PHILIP S. YU, petitioner, vs. THE HONORABLE COURT OF APPEALS. THE HONORABLE PRESIDING JUDGE, RTC OF MANILA, BRANCH XXXIV (34) and UNISIA MERCHANDISING CO., INC., respondents. Petitioner, the exclusive distributor of the House of Mayfair wall covering products in the Philippines, cried foul when his former dealer of the same goods, herein private respondent, purchased the merchandise from the House of Mayfair in England through FNF Trading in West Germany and sold said merchandise in the Philippines. Petitioner pressed the idea that he was practically by-passed and that private respondent acted in concert with the FNF Trading in misleading Mayfair into believing that the goods ordered by the trading firm were intended for shipment to Nigeria although they were actually shipped to and sold in the Philippines. Private respondent professed ignorance of the exclusive contract in favor of petitioner. Even then, private respondent responded by asserting that petitioner's understanding with Mayfair is binding only between the parties thereto. Both the court of origin and the appellate court rejected petitioner's thesis that private respondent was engaged in a sinister form of unfair competition within the context of Article 28 of the New Civil Code. Hence, the petition at bar. ISSUE:

Whether or not the appellate court correctly agree with the lower court. HELD: Injunction is the appropriate remedy to prevent a wrongful interference with contracts by strangers to such contracts where the legal remedy is insufficient and the resulting injury is irreparable Yes.

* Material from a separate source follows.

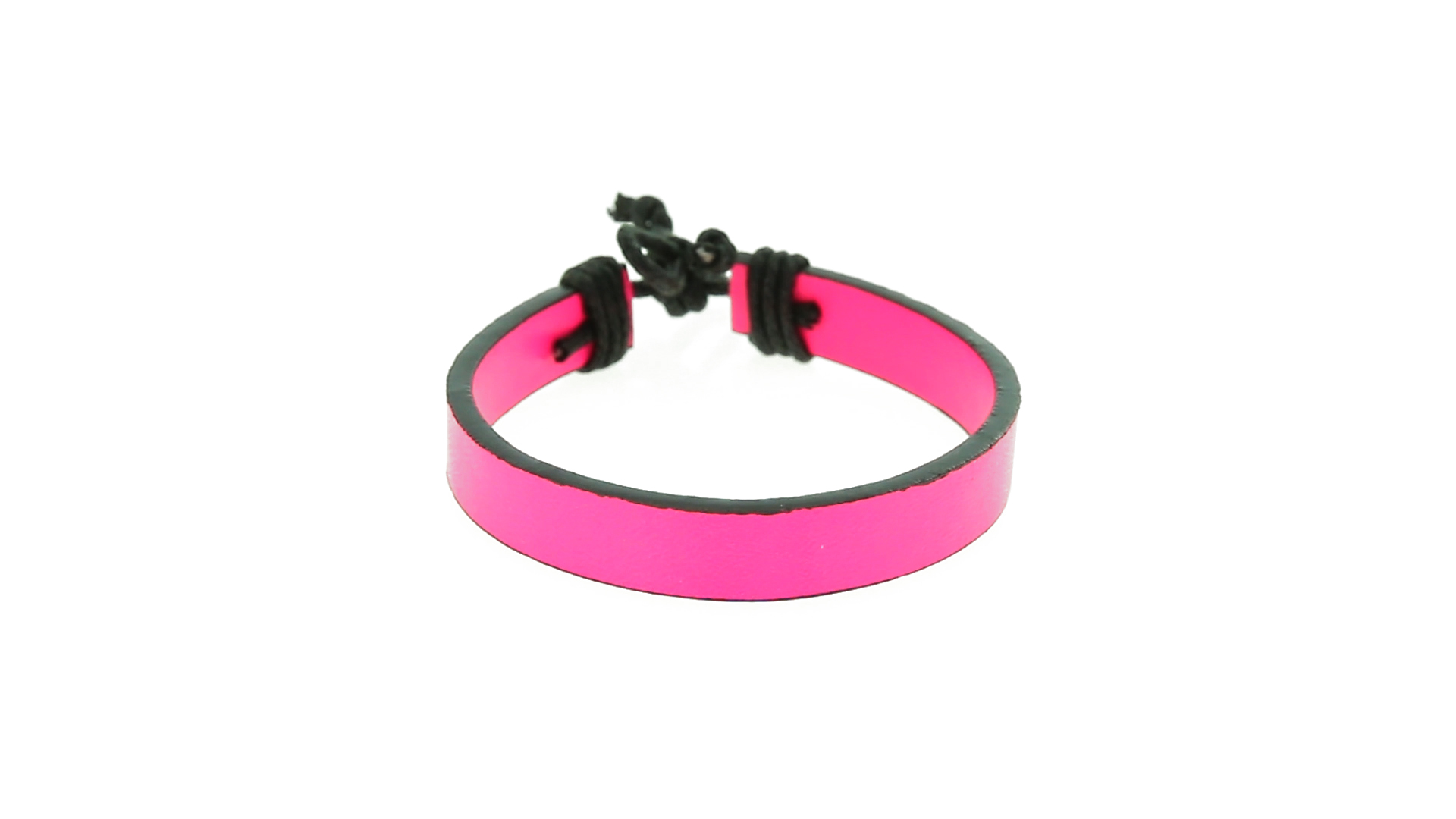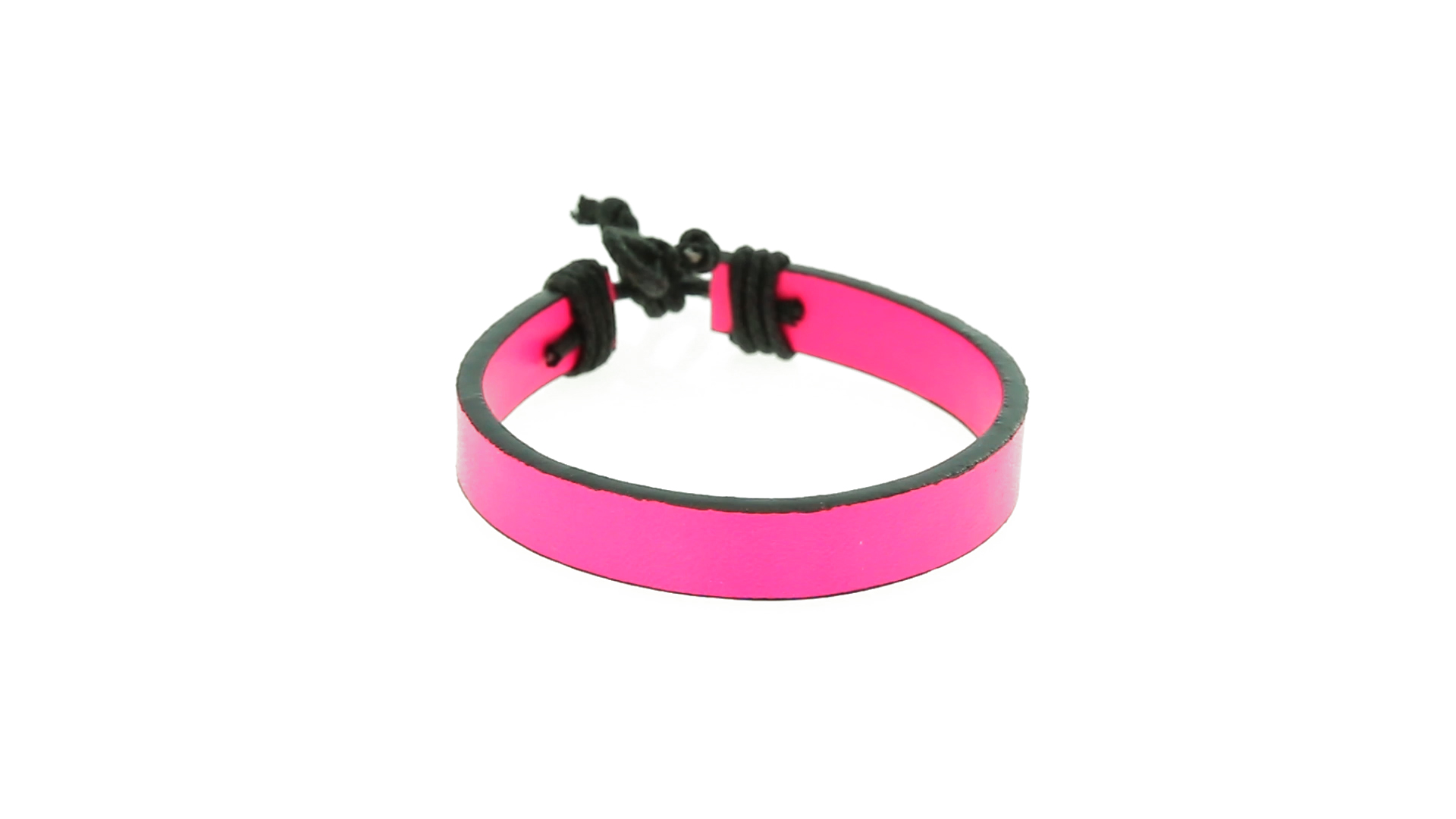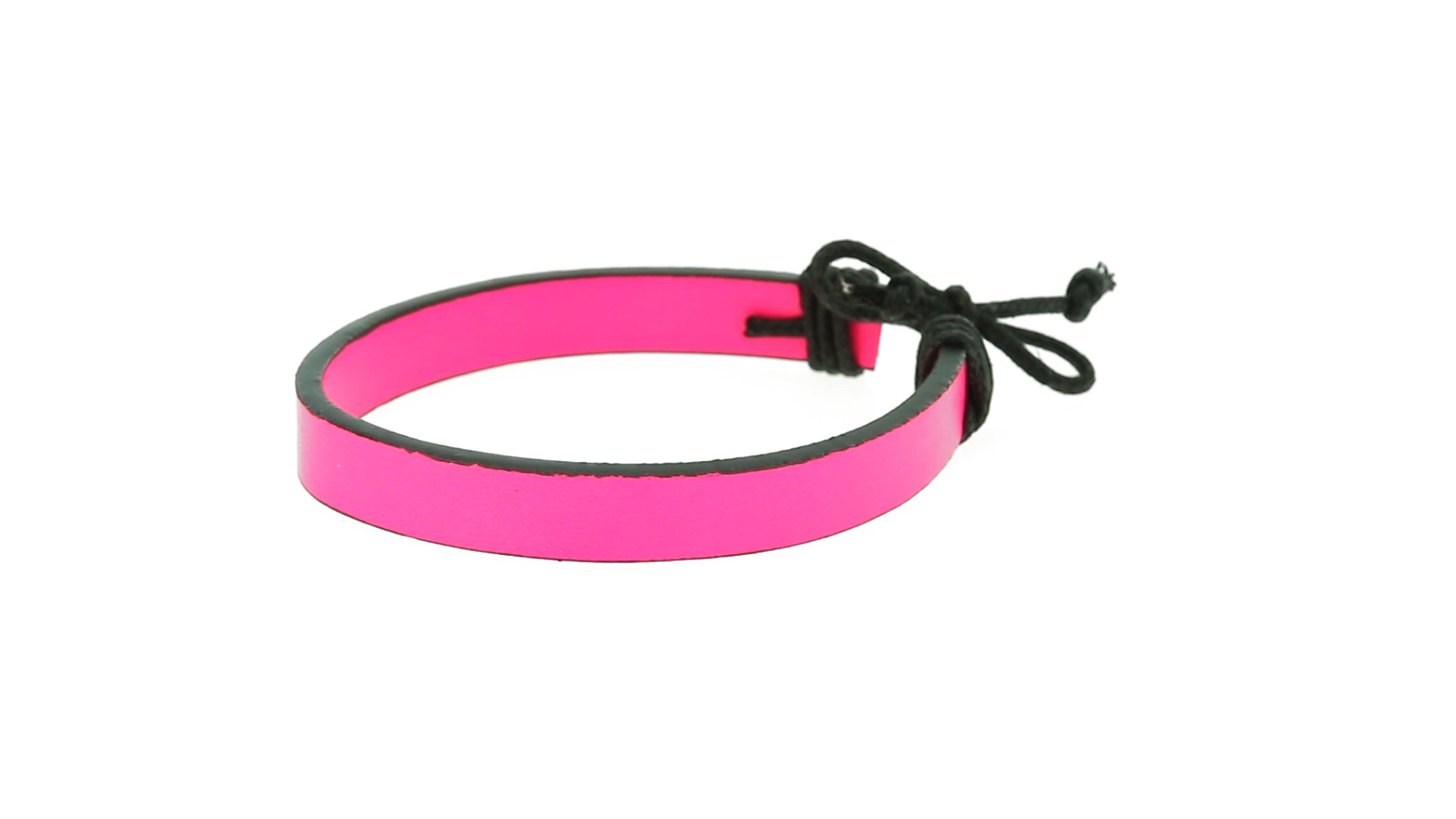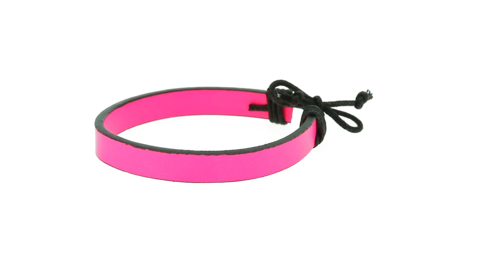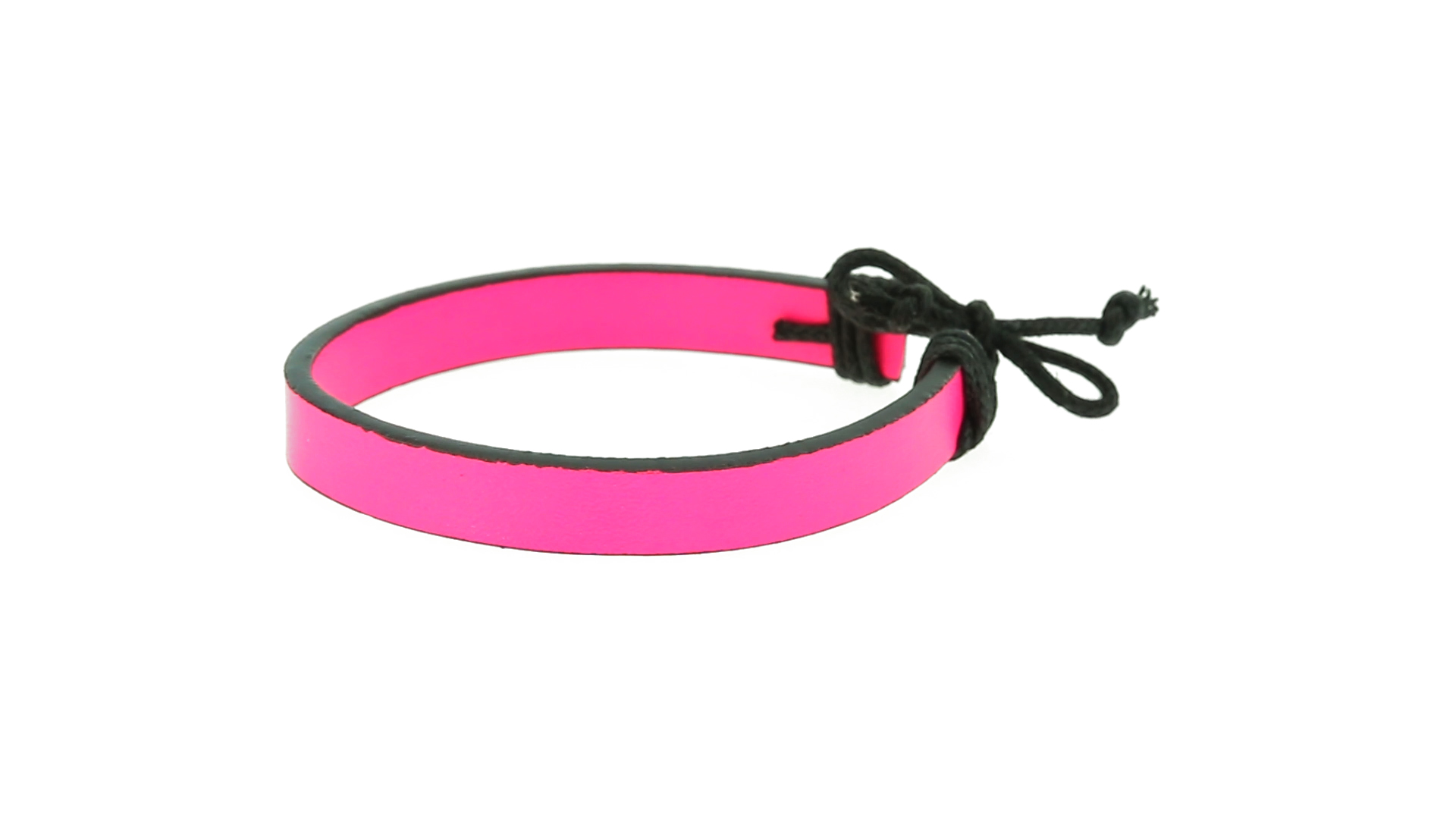 Armband mit zweifarbigem Design aus Kunstleder in Neonfarben mit Kontrastdetails in Schwarz. Mit verstellbarem, verstärktem Bandverschluss.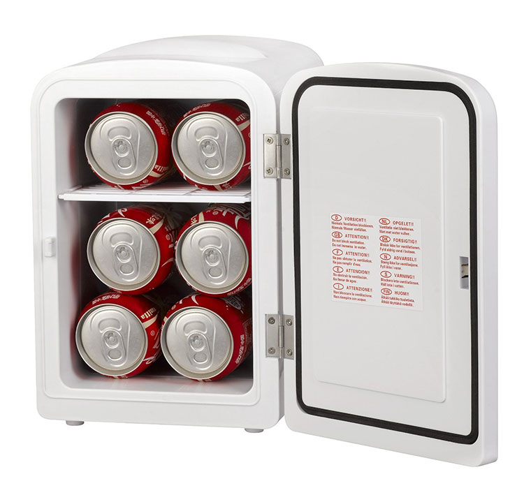 Зачем тащить свою задницу в офисную кухню за охлажденным напитком? Вот компактный холодильник на шесть жестянок с колой и пивком. Для авто тоже подходит.

The right to perform an exclusive distributorship agreement and to reap the profits resulting from such performance are proprietary rights which a party may protect which may otherwise not be diminished, nay, rendered illusory by the expedient act of utilizing or interposing a person or firm to obtain goods from the supplier to defeat the very purpose for which the exclusive distributorship was conceptualized, at the expense of the sole authorized distributor. The respondent court overlooked petitioner's suggestion that the House of Mayfair in England was duped into believing that the goods ordered through the FNF Trading were to be shipped to Nigeria only, but the goods were actually sent to and sold in the Philippines. This is akin to the scenario of a third person who induces a party to renege on or violate his undertaking under a contract, thereby entitling the other contracting party to relief therefrom.